1. Community Bankers Acquisition Corp. (“CBAC”) is a corporation validly existing and in good standing under the Laws of the State of Delaware with full corporate power and authority to carry on the business in which it is engaged as described as being carried on by it in the Proxy Statement used to solicit the approval by the stockholders of CBAC and BOE Financial Services of Virginia, Inc. (“BOE”) of the transactions contemplated by the Agreement.
2. The authorized capital stock of CBAC consists of [50,000,000] shares of CBAC Common Stock and [5,000,000] shares of CBAC Preferred Stock.
3. The execution and delivery of the Agreement and compliance with its terms, and consummation of the transactions contemplated thereby, do not and will not violate or contravene any provision of the Articles of Incorporation or Bylaws of CBAC.
4. In accordance with the Laws of the State of Delaware, the Amended and Restated Certificate of Incorporation of CBAC, and the Bylaws of CBAC and pursuant to resolutions duly adopted by its Board of Directors and stockholders, the Agreement has been duly adopted and approved by the Board of Directors of CBAC and by the stockholders of CBAC at the Stockholders’ Meeting.
5. The Agreement has been duly and validly executed and delivered by CBAC and, assuming valid authorization, execution, and delivery by BOE, constitutes a valid and binding agreement of CBAC enforceable in accordance with its terms, except as enforceability may be limited by bankruptcy, insolvency, reorganization, or similar laws affecting creditors’ rights generally, provided, however, that we express no opinion as to the availability of equitable remedies.

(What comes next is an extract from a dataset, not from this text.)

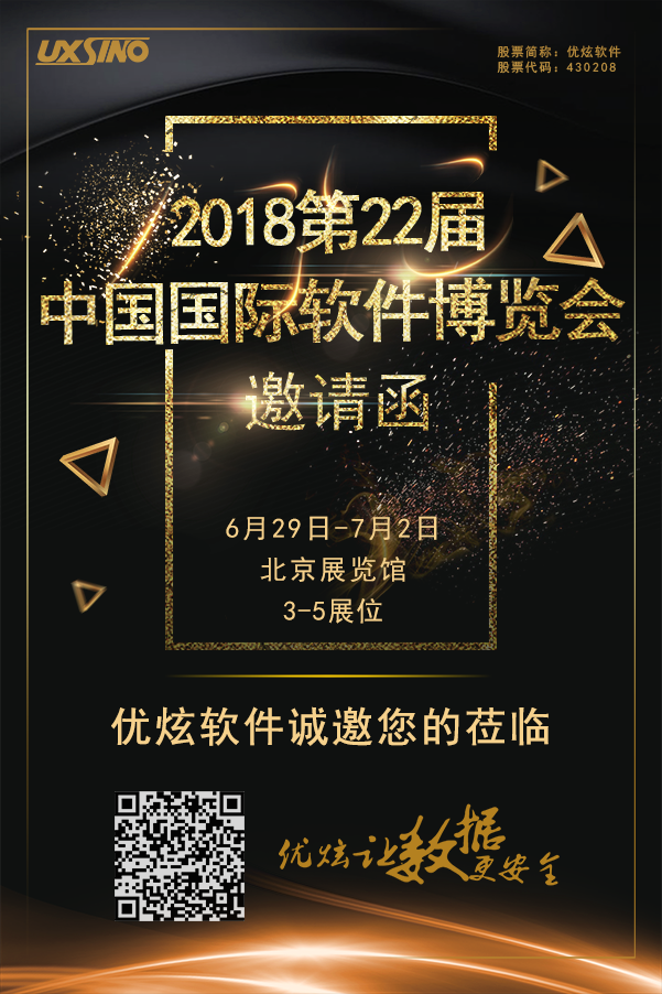 软博会一直非常关注安全领域的产品展示。2018软博会将于6月29日-7月1日在北京展览馆召开,大会邀请众多信息安全领域企业展示有关信息安全的软件企业和产品;数据安全领军企业优炫软件应邀参会,展位号为3-5,诚邀您的莅临,一同感受前沿科技,洞悉未来!
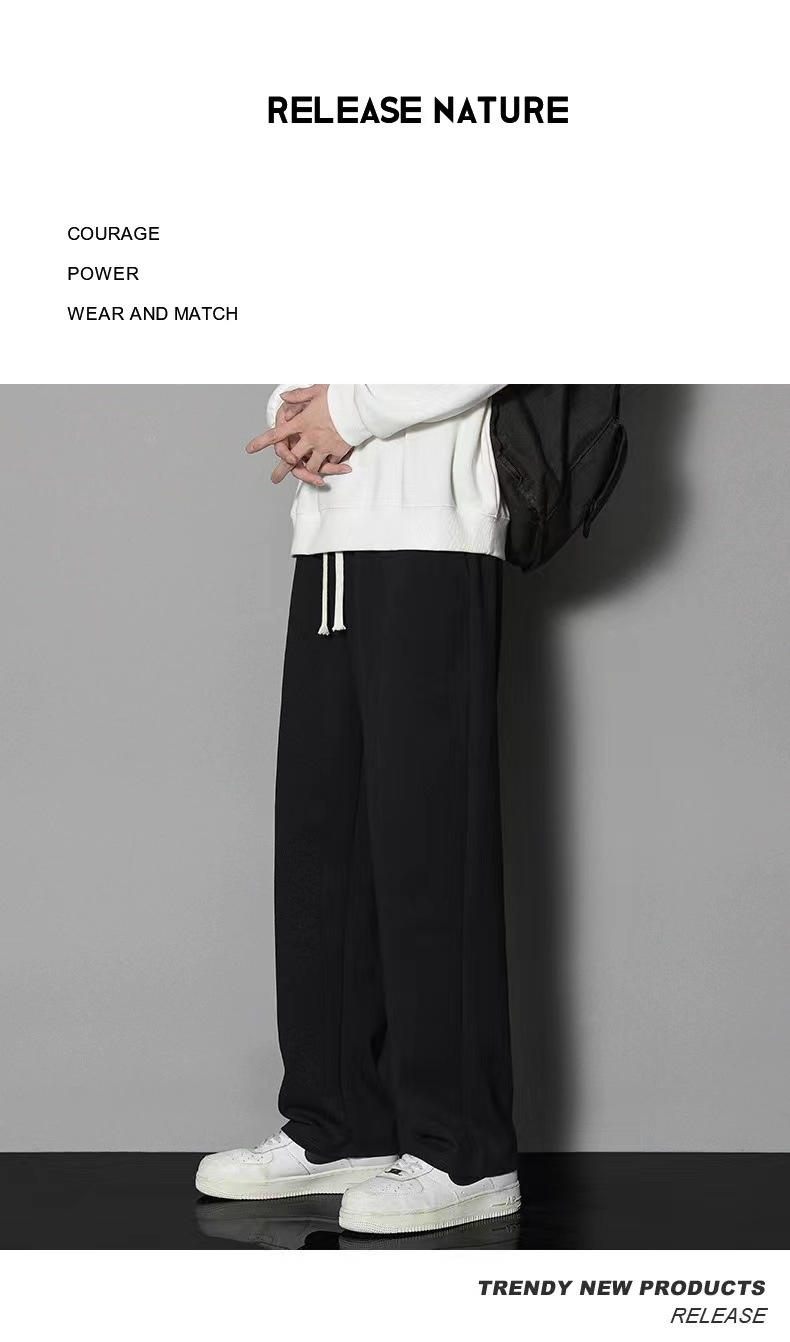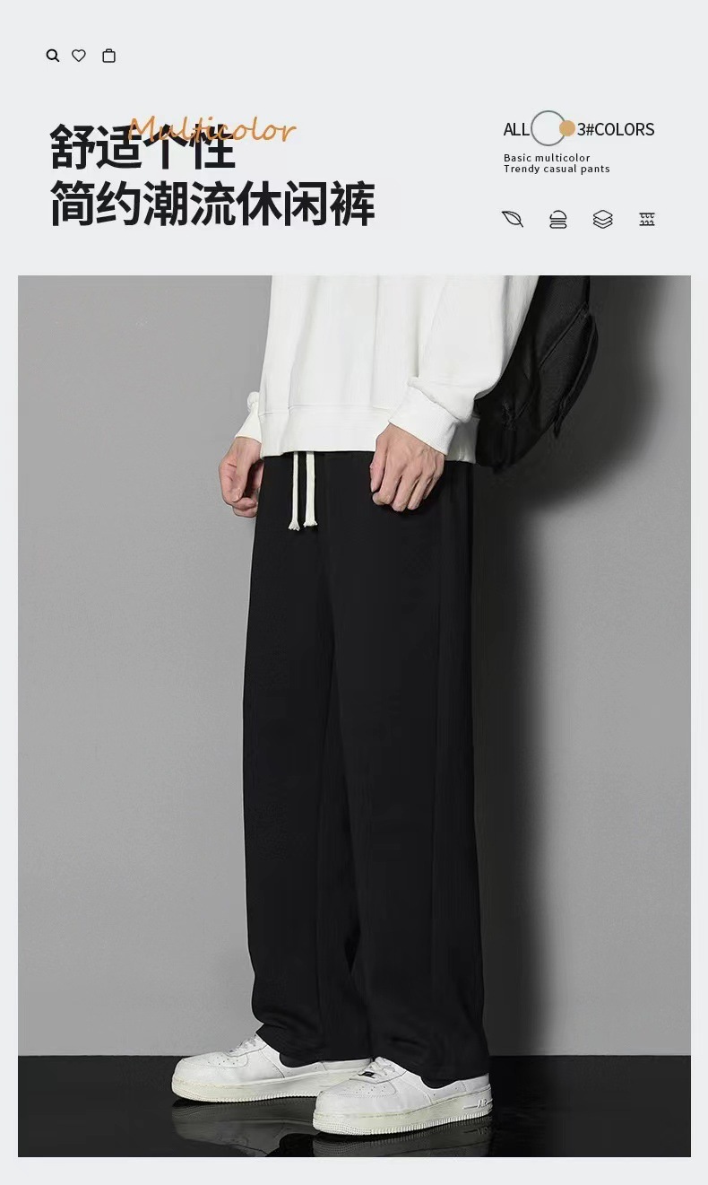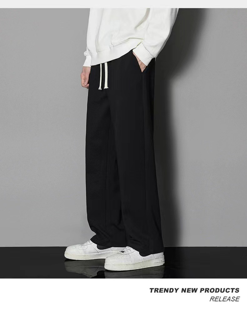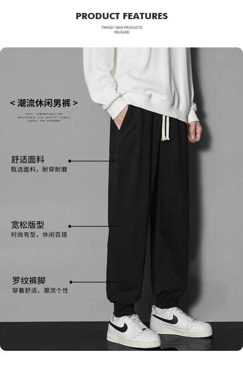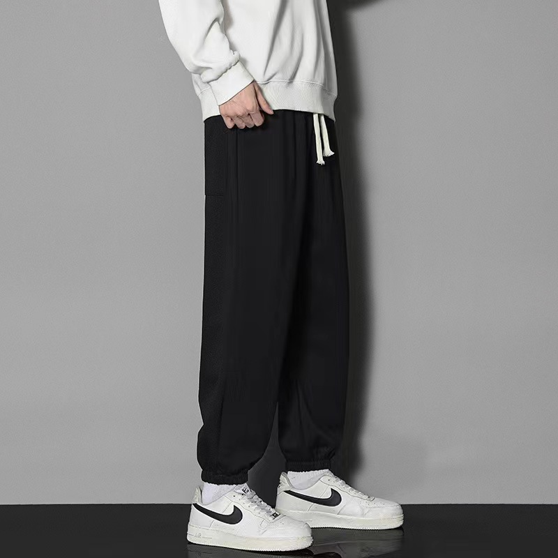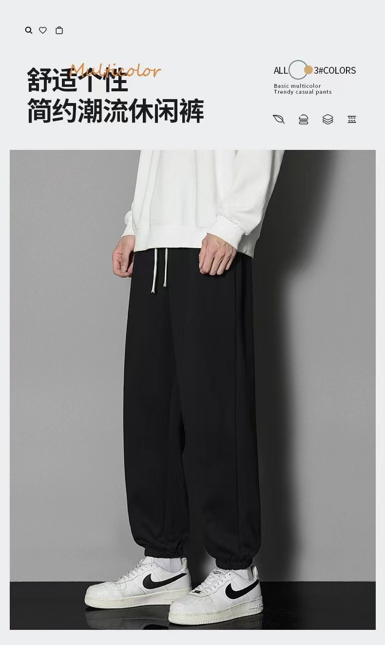 2024 년 자른 바지 가을과 겨울 트렌디 한 느슨한 단색 남자 캐주얼 바지 스포츠 바지 플러스 사이즈 바지 기모 인 홍콩 스타일스토어 가기

6. The shares of the $.01 par value common stock of CBAC to be issued to the stockholders of BOE as contemplated by the Agreement have been duly and validly authorized for issuance, have been duly and validly registered under the Securities Act of 1933, as amended, and when delivered to the stockholders of CBAC pursuant to the Agreement following consummation of the Merger will be duly and validly issued, fully paid and non-assessable, free of any preemptive or other similar rights.